Statement on Proposal for Mandatory Cybersecurity Disclosures
Today, the Commission is considering a proposal to mandate cybersecurity disclosures by public companies. I am pleased to support this proposal because, if adopted, it would strengthen investors’ ability to evaluate public companies’ cybersecurity practices and incident reporting.
We’ve been requiring disclosure of important information from companies since the Great Depression. The basic bargain is this: Investors get to decide what risks they wish to take. Companies that are raising money from the public have an obligation to share information with investors on a regular basis.
Over the years, our disclosure regime has evolved to reflect evolving risks and investor needs.
Today, cybersecurity is an emerging risk with which public issuers increasingly must contend. The interconnectedness of our networks, the use of predictive data analytics, and the insatiable desire for data are only accelerating, putting our financial accounts, investments, and private information at risk. Investors want to know more about how issuers are managing those growing risks.
Cybersecurity incidents, unfortunately, happen a lot. They can have significant financial, operational, legal, and reputational impacts on public issuers. Thus, investors increasingly seek information about cybersecurity risks, which can affect their investment decisions and returns.
A lot of issuers already provide cybersecurity disclosure to investors. I think companies and investors alike would benefit if this information were required in a consistent, comparable, and decision-useful manner.
Today’s release would enhance issuers’ cybersecurity disclosures in two key ways:
First, it would require mandatory, ongoing disclosures on companies’ governance, risk management, and strategy with respect to cybersecurity risks. This would allow investors to assess these risks more effectively. For example, under the proposed rules, companies would disclose information such as:
- management’s and the board’s role and oversight of cybersecurity risks;
- whether companies have cybersecurity policies and procedures; and
- how cybersecurity risks and incidents are likely to impact the company’s financials.
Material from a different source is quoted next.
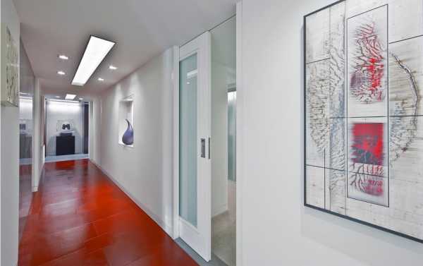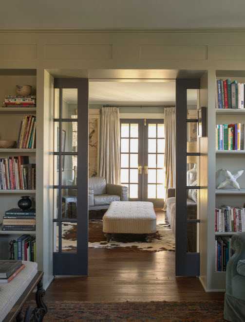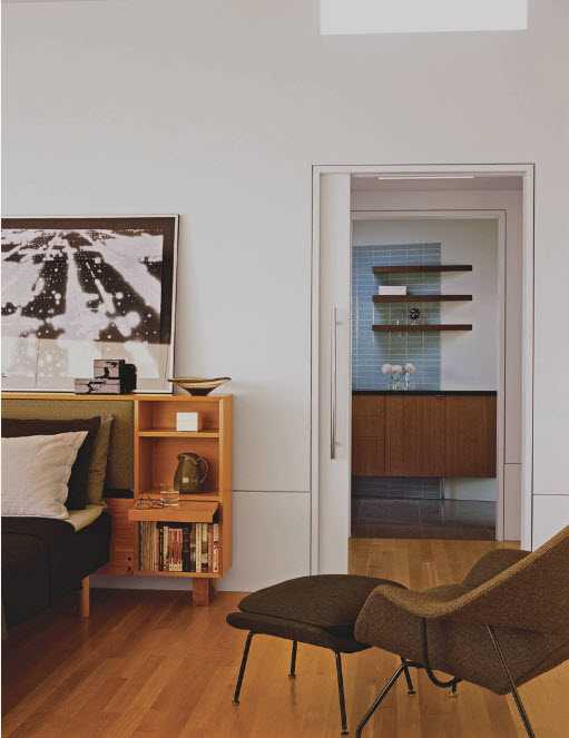 Такие двери служат частью стены и визуально продолжают комнату. Можно сказать, это отличный вариант приглушённого освещения в ночное время, если в одном из смежных помещений горит свет

Second, it would require mandatory, material cybersecurity incident reporting. This is critical because such material cybersecurity incidents could affect investors’ decision-making.
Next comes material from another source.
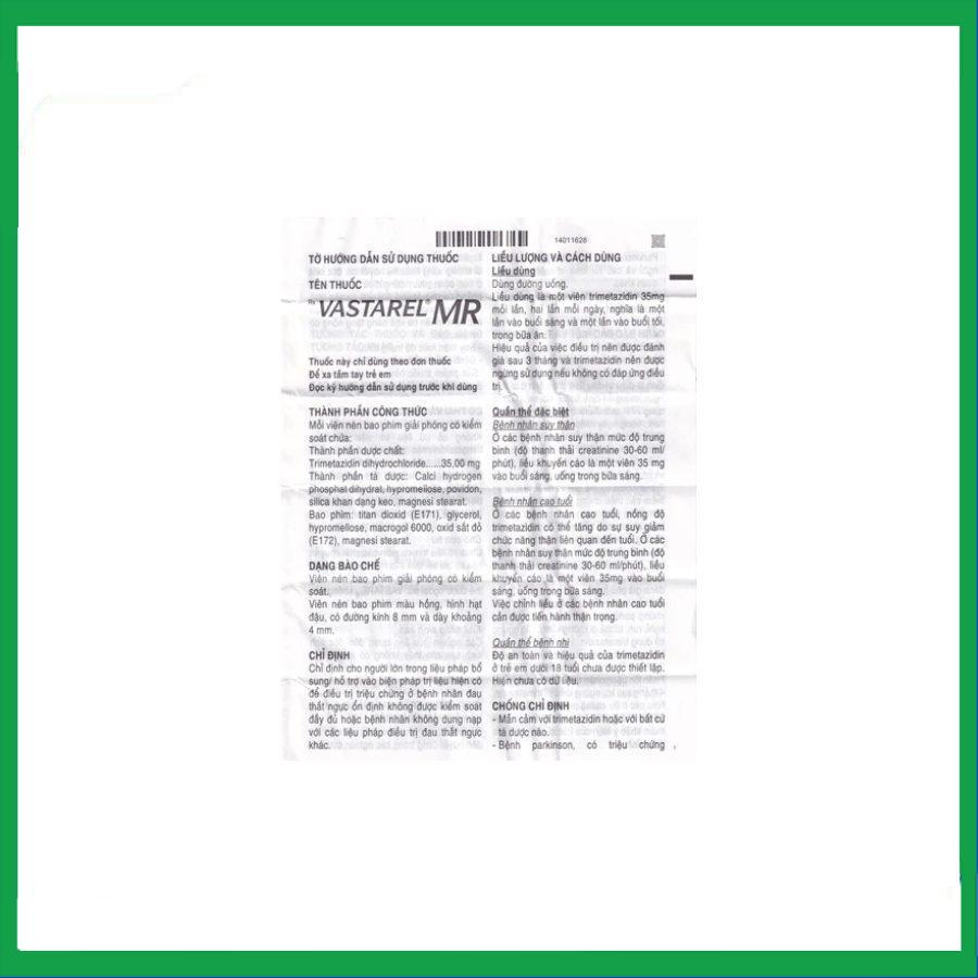Vastarel Mr của Công ty TNHH Servier, thành phần chính Trimetazidin, là thuốc dùng để điều trị triệu chứng ở bệnh nhân đau thắt ngực ổn định không được kiểm soát đầy đủ hoặc bệnh nhân không dung nạp với các liệu pháp điều trị đau thắt ngực khác.Thuốc được bào chế dưới dạng viên nén bao phim giải phóng có biến đổi. Viên nén bao phim màu hồng, hình hạt đậu, có đường kính 8 mm và dày khoảng 4 mm.

When companies have an obligation to disclose material information to investors, they must be complete and accurate. Their disclosures also should be timely. Today’s proposal would specify when and what information about cybersecurity incidents companies must disclose in a current report, such as on Form 8-K. It also would require updates in periodic reports to give investors more complete information on previously disclosed, material cybersecurity incidents.
This is the third rulemaking project we have proposed that implicates cybersecurity. Earlier this winter, the Commission voted to propose expanding Regulation Systems Compliance and Integrity (SCI) to certain government securities trading platforms. In February, we voted to propose new obligations for registered investment advisers and funds with respect to cybersecurity.
Going forward, I’ve also asked staff to make additional recommendations for the Commission’s consideration with respect to broker-dealers, Regulation SCI, and intermediaries’ requirements regarding customer notices (Regulation S-P).
I am pleased to support today’s proposal and, subject to Commission approval, look forward to the public’s feedback. I’d like to thank the members of the SEC staff who worked on this rule, including:
- Renee Jones, Erik Gerding, Betsy Murphy, Luna Bloom, Ian Greber-Raines, Charles Kwon, Michael Seaman, Lindsay McCord, Deanna Virginio, Michael Coco, Matt McNair, Shelly Luisi, Catherine Brown, Kim McManus, Rolaine Bancroft, Katherine Hsu, Arthur Sandel, Chris Windsor, Rushabh Soni, and Sam Serfaty in the Division of Corporation Finance;
- Brian Johnson, David Joire, Amanda Wagner, Christopher Staley, and Rachel Kuo in the Division of Investment Management;
- Dan Berkovitz, Megan Barbero, Bryant Morris, Dorothy McCuaig, David Lisitza, and Joseph Valerio in the Office of the General Counsel;
- Jessica Wachter, Oliver Richard, Vlad Ivanov, Lauren Moore, Charles Woodworth, Qiao Kapadia, Connor Hurley, Mike Willis, Julie Marlowe, PJ Hamidi, Gregory Scopino, Hamilton Martin, Mariesa Ho, Xanthi Gkougkousi, Sejal Naik, Michael Pessin, Lakin Brown, Justin Myalil, Syed Husain, Nicholas Acosta, Benjamin Stoner, Reevu Adakroy, Gideon Brown, Ian Black, Justin Soll, and Wanli Zhao in the Division of Economic and Risk Analysis;
- Shaz Niazi in the Office of the Chief Accountant;
- Ted Shelkey in the Office of Information Technology;
- Arsen Ablaev in the Division of Enforcement;
- Laurita Finch, Rosemary Filou in the EDGAR Business Office; and
- Dan DeWaal and Nancy Sumption in the Division of Examinations.
I’d also like to thank the Department of Justice, the Federal Bureau of Investigation, and the Cybersecurity and Infrastructure Security Agency for their valuable input as we developed this proposal.